[[ Study material, beginning ]]

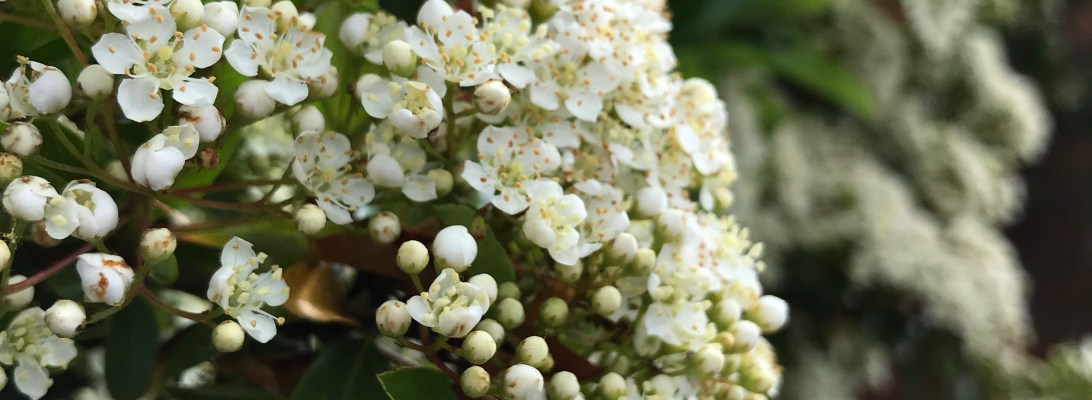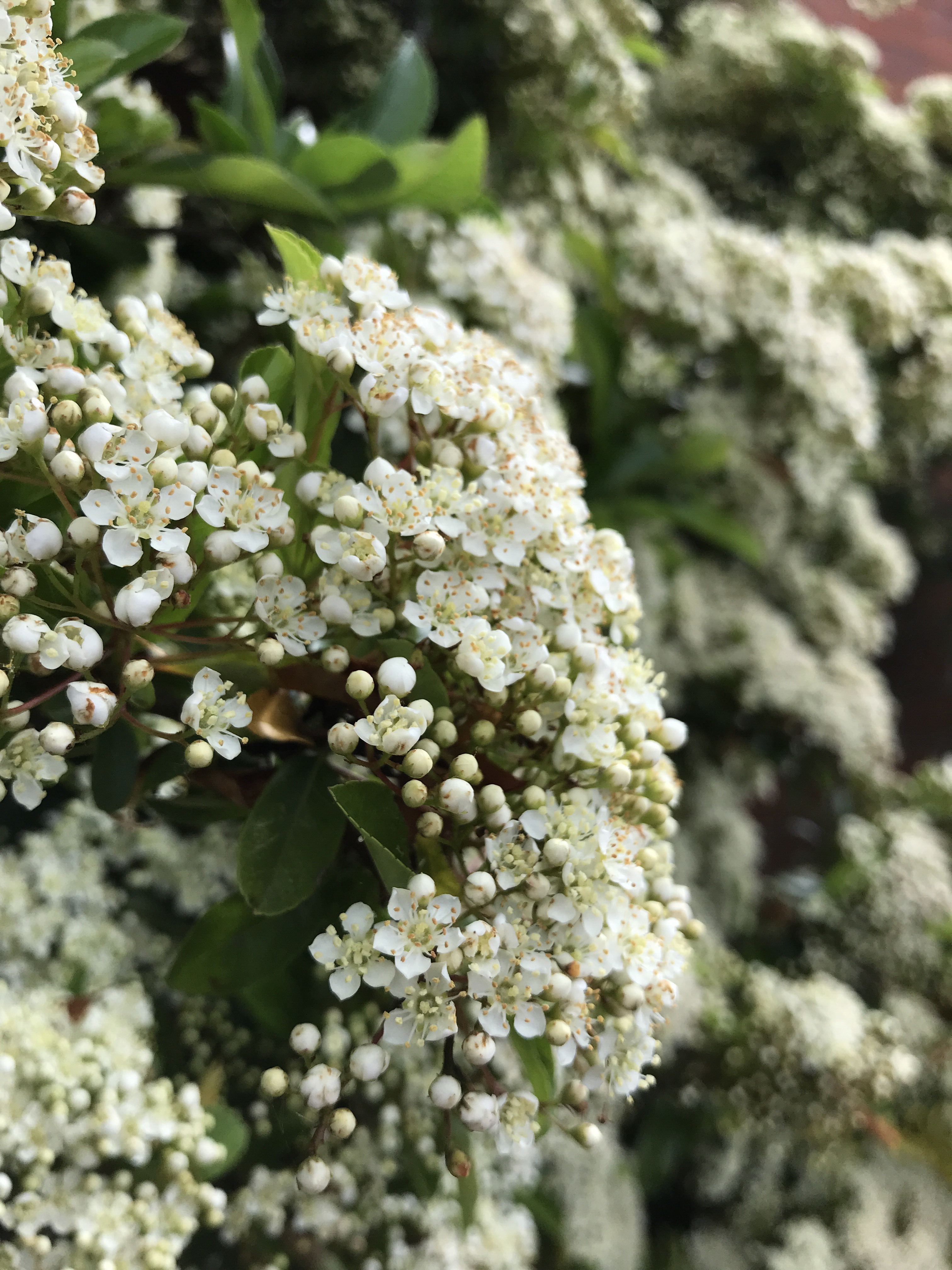 A curving rear wall supports a Pyracantha, which to my mind has been neatly trained over many years. It is just now reaching its first annual climax as it begins to burst its many champagne coloured flower clusters. I particularly like the informal holes where birds fly in to go bug hunting.
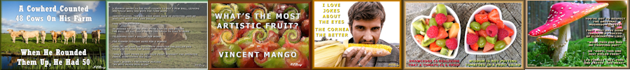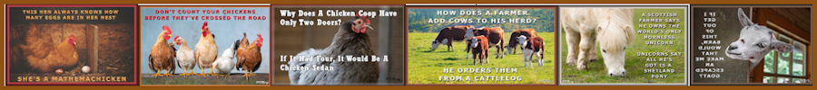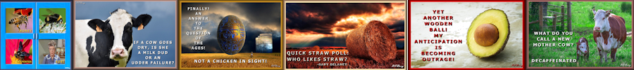 AGRICULTURAL ACUMEN Accountant’s Nightmare Agricultural Expansion Asinine Notion Barnyard Bards Be Specific Botanical Blunder Bovine Bafflement Bovine Expansion Bovine Punchline Bully! The Cheese Stands Alone Chicken Sedan Chilling Chickens Clear Cause Clearly Cloven Clucking Accountant Comb Sweet Comb Come For The Bull Condimental Crime Conversational Cows Conversational Flora Cowabungle Creative Fruition Cry For Help Cut And Dried Didja Do It? Dramatic Distraction Enriching Development Equine Consensus Farm Assist Feed Me, Seymour Field Of View First Come, First Served Flight Risk Fodder Feelings Foreign Market Fowl Poetry Full Commitment Fungal Failure Gimme A Break Going Green Gotcha! Grainy Gaze Growing Problem Happy Endings Heard By The Herd Horticultural Hint Information Application Intellectually Unchallenging Invasive Species Just Aspen Language Barrier Last Laugh Less Fat Marketing Challenge Marketing Misnomer Meat And Greet Mooving Occupation Muddied Inspiration Mushroom Roulette No Grain, No Pain No More Jitters No Surprise Prize Not The Answer Nutritional Allegation Obstacle Avoidance Opportunity Unrecognized Overcoming Adversity Pony Phony Porky Peers Poultry Prisoners Poultry Reproduction Predestined Dehydration Productive Conversation Protein Quarantine Repeat Customer? Restocking Restricted Access Robotic Resurrection Role Model Seasonal Decision Secreting Society Self-Sustenance Stymied Simple Solution Sounds Like A Plan Spatial Maximization Squeal Squelched Still Hungry Stockyard Stand-Up Straight From The Beak Support Buds Tasty Tune Territorial Announcement That’ll Be One Dollar Traffic Tally Trash Talkers Thrashed Triple Trouble Udderly Unbelievable Vegetation Vexation Wheah Have All The Ahs Gone? Whiner! You Must Be Yolking Share this: Click to share on X (Opens in new window) X Click to share on Facebook (Opens in new window) Facebook Like Loading...
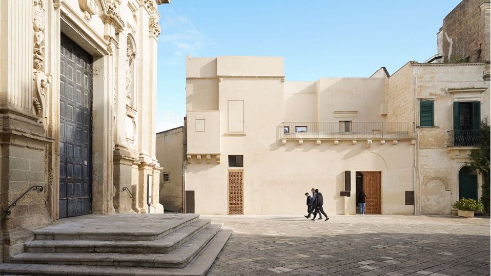 La sede espositiva della Fondazione Biscozzi | Rimbaud si trova in un edificio storico del centro di Lecce, a poche decine di metri da Porta Napoli, nella piazza su cui si affaccia la settecentesca chiesa di Santa Maria della Provvidenza, meglio nota come chiesa delle Alcantarine.
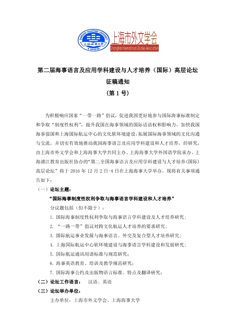 第二届海事语言及应用学科建设与人才培养(国际)高层论坛通知
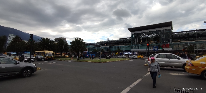 - "A wide-angle street-level photograph, timestamped February 26, 2024, at 17:11, depicts a busy urban intersection in Quito, Ecuador" by FM-niREg2, licensed under CC BY 4.0
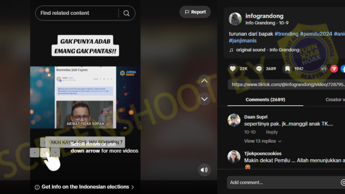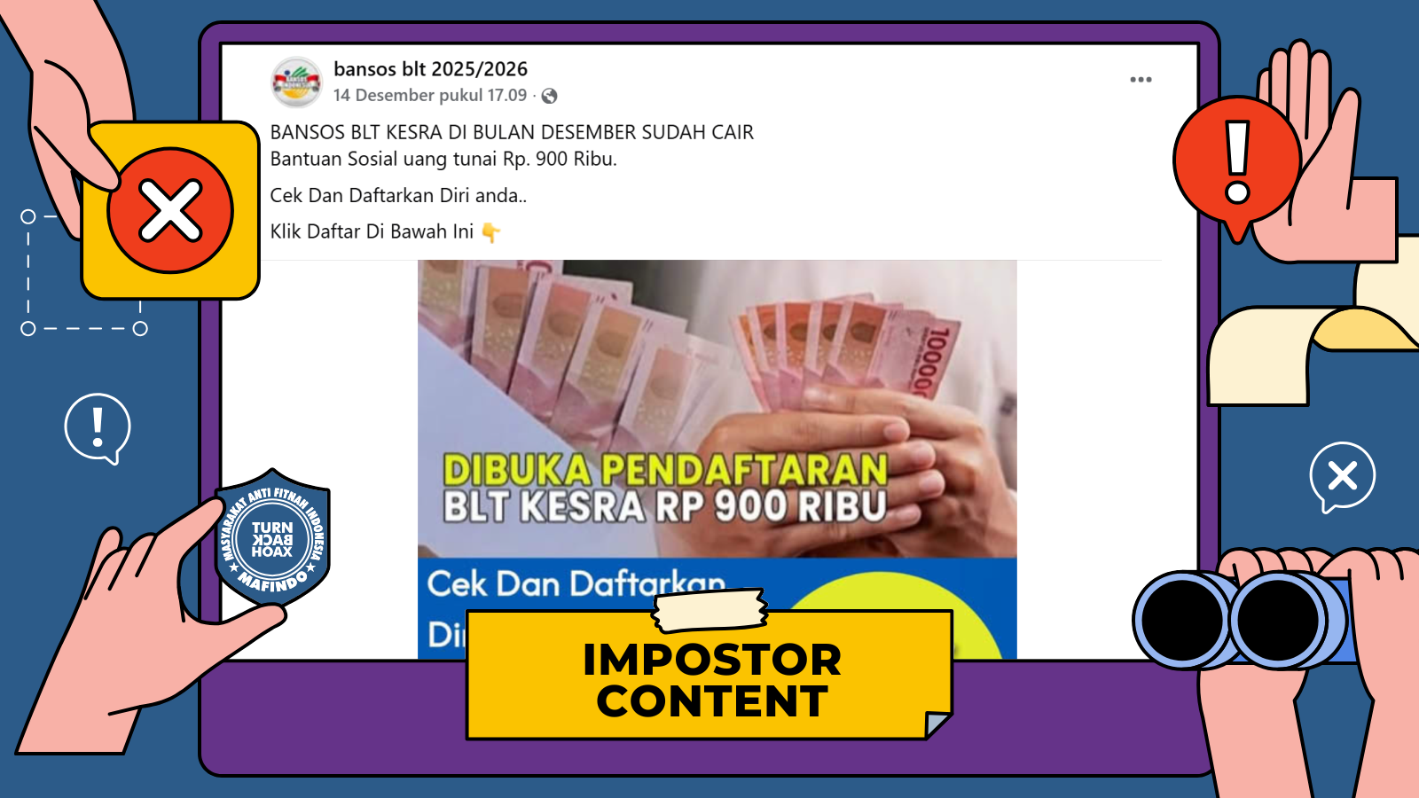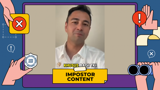 Unggahan video berisi klaim “Raffi Ahmad bagi-bagi bansos untuk TKI” merupakan konten tiruan (impostor content).

[[ Study material, end ]]

> _Work instruction_: Your answer should be a precise transcript of the entries, minus the pictures.

> _Output below_:
 A curving rear wall supports a Pyracantha, which to my mind has been neatly trained over many years. It is just now reaching its first annual climax as it begins to burst its many champagne coloured flower clusters. I particularly like the informal holes where birds fly in to go bug hunting.
 AGRICULTURAL ACUMEN Accountant’s Nightmare Agricultural Expansion Asinine Notion Barnyard Bards Be Specific Botanical Blunder Bovine Bafflement Bovine Expansion Bovine Punchline Bully! The Cheese Stands Alone Chicken Sedan Chilling Chickens Clear Cause Clearly Cloven Clucking Accountant Comb Sweet Comb Come For The Bull Condimental Crime Conversational Cows Conversational Flora Cowabungle Creative Fruition Cry For Help Cut And Dried Didja Do It? Dramatic Distraction Enriching Development Equine Consensus Farm Assist Feed Me, Seymour Field Of View First Come, First Served Flight Risk Fodder Feelings Foreign Market Fowl Poetry Full Commitment Fungal Failure Gimme A Break Going Green Gotcha! Grainy Gaze Growing Problem Happy Endings Heard By The Herd Horticultural Hint Information Application Intellectually Unchallenging Invasive Species Just Aspen Language Barrier Last Laugh Less Fat Marketing Challenge Marketing Misnomer Meat And Greet Mooving Occupation Muddied Inspiration Mushroom Roulette No Grain, No Pain No More Jitters No Surprise Prize Not The Answer Nutritional Allegation Obstacle Avoidance Opportunity Unrecognized Overcoming Adversity Pony Phony Porky Peers Poultry Prisoners Poultry Reproduction Predestined Dehydration Productive Conversation Protein Quarantine Repeat Customer? Restocking Restricted Access Robotic Resurrection Role Model Seasonal Decision Secreting Society Self-Sustenance Stymied Simple Solution Sounds Like A Plan Spatial Maximization Squeal Squelched Still Hungry Stockyard Stand-Up Straight From The Beak Support Buds Tasty Tune Territorial Announcement That’ll Be One Dollar Traffic Tally Trash Talkers Thrashed Triple Trouble Udderly Unbelievable Vegetation Vexation Wheah Have All The Ahs Gone? Whiner! You Must Be Yolking Share this: Click to share on X (Opens in new window) X Click to share on Facebook (Opens in new window) Facebook Like Loading...
 La sede espositiva della Fondazione Biscozzi | Rimbaud si trova in un edificio storico del centro di Lecce, a poche decine di metri da Porta Napoli, nella piazza su cui si affaccia la settecentesca chiesa di Santa Maria della Provvidenza, meglio nota come chiesa delle Alcantarine.
 第二届海事语言及应用学科建设与人才培养(国际)高层论坛通知
 - "A wide-angle street-level photograph, timestamped February 26, 2024, at 17:11, depicts a busy urban intersection in Quito, Ecuador" by FM-niREg2, licensed under CC BY 4.0
 Unggahan video berisi klaim “Raffi Ahmad bagi-bagi bansos untuk TKI” merupakan konten tiruan (impostor content).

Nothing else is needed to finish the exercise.